Prompt: Reproduce exactly, and only, the lines of the material below running from the line bearing "3月22日,一名游客游覽希臘" through the line bearing "A Magyarországi Kárpát". Leave any pictures out.

Source data:
Segment Open
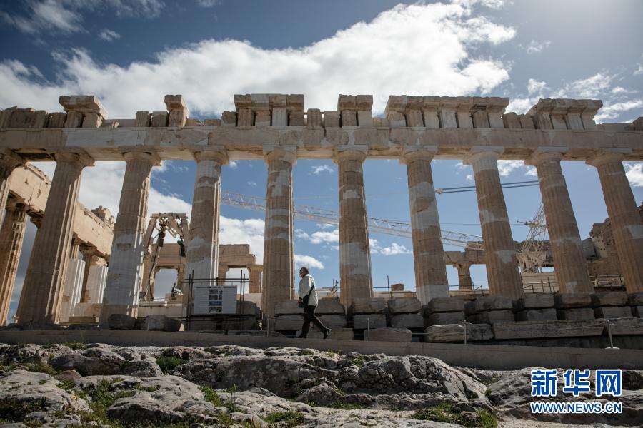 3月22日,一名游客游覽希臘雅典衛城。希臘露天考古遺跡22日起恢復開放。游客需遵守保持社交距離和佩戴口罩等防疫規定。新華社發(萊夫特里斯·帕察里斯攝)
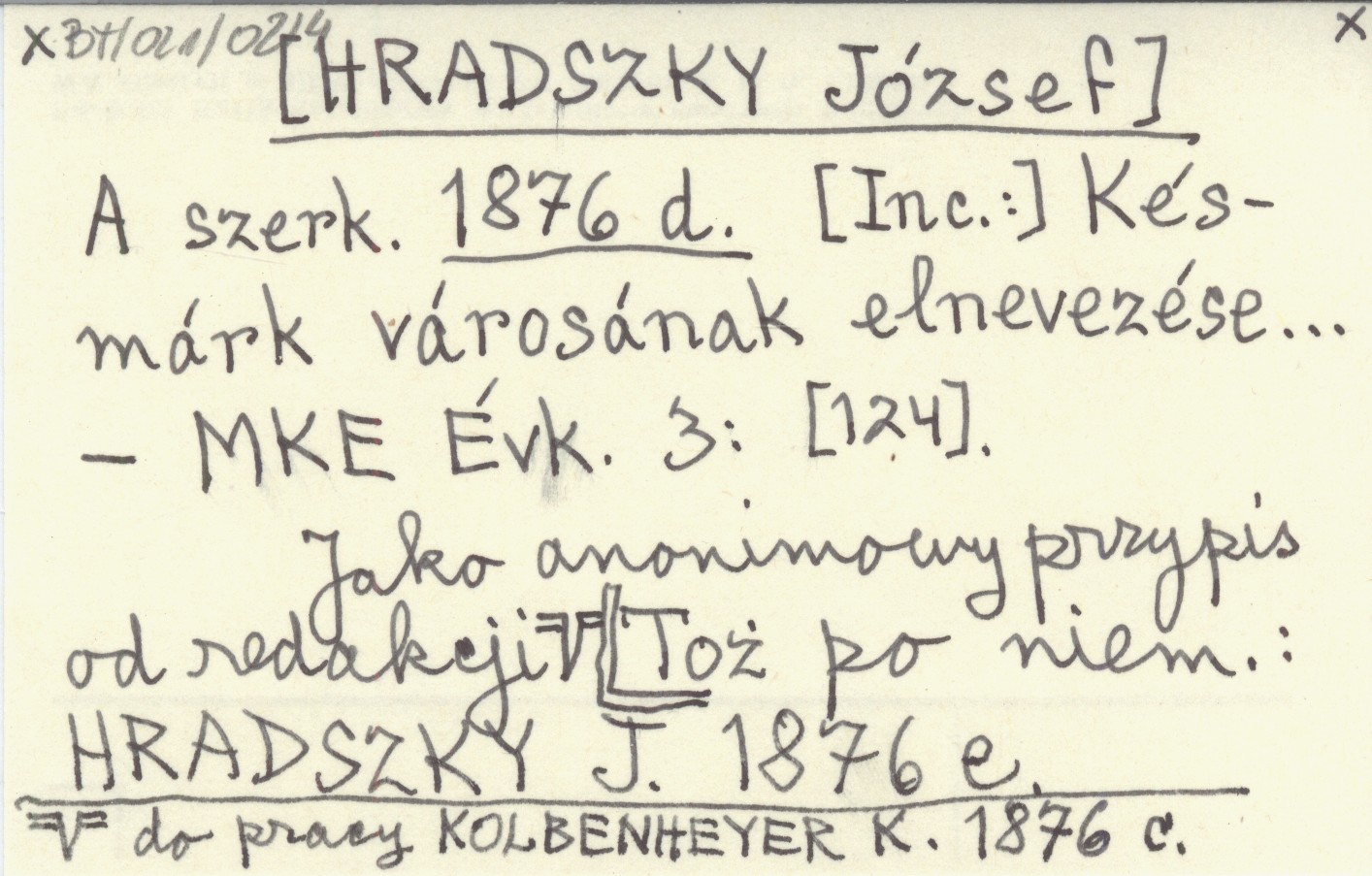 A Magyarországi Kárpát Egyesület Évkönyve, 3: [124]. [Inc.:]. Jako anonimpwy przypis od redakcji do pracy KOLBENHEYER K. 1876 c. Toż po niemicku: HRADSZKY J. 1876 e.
Segment Closed
Segment Open
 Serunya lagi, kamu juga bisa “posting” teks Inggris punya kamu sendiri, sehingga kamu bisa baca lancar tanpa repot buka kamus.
Segment Closed
Problem solution:
 3月22日,一名游客游覽希臘雅典衛城。希臘露天考古遺跡22日起恢復開放。游客需遵守保持社交距離和佩戴口罩等防疫規定。新華社發(萊夫特里斯·帕察里斯攝)
 A Magyarországi Kárpát Egyesület Évkönyve, 3: [124]. [Inc.:]. Jako anonimpwy przypis od redakcji do pracy KOLBENHEYER K. 1876 c. Toż po niemicku: HRADSZKY J. 1876 e.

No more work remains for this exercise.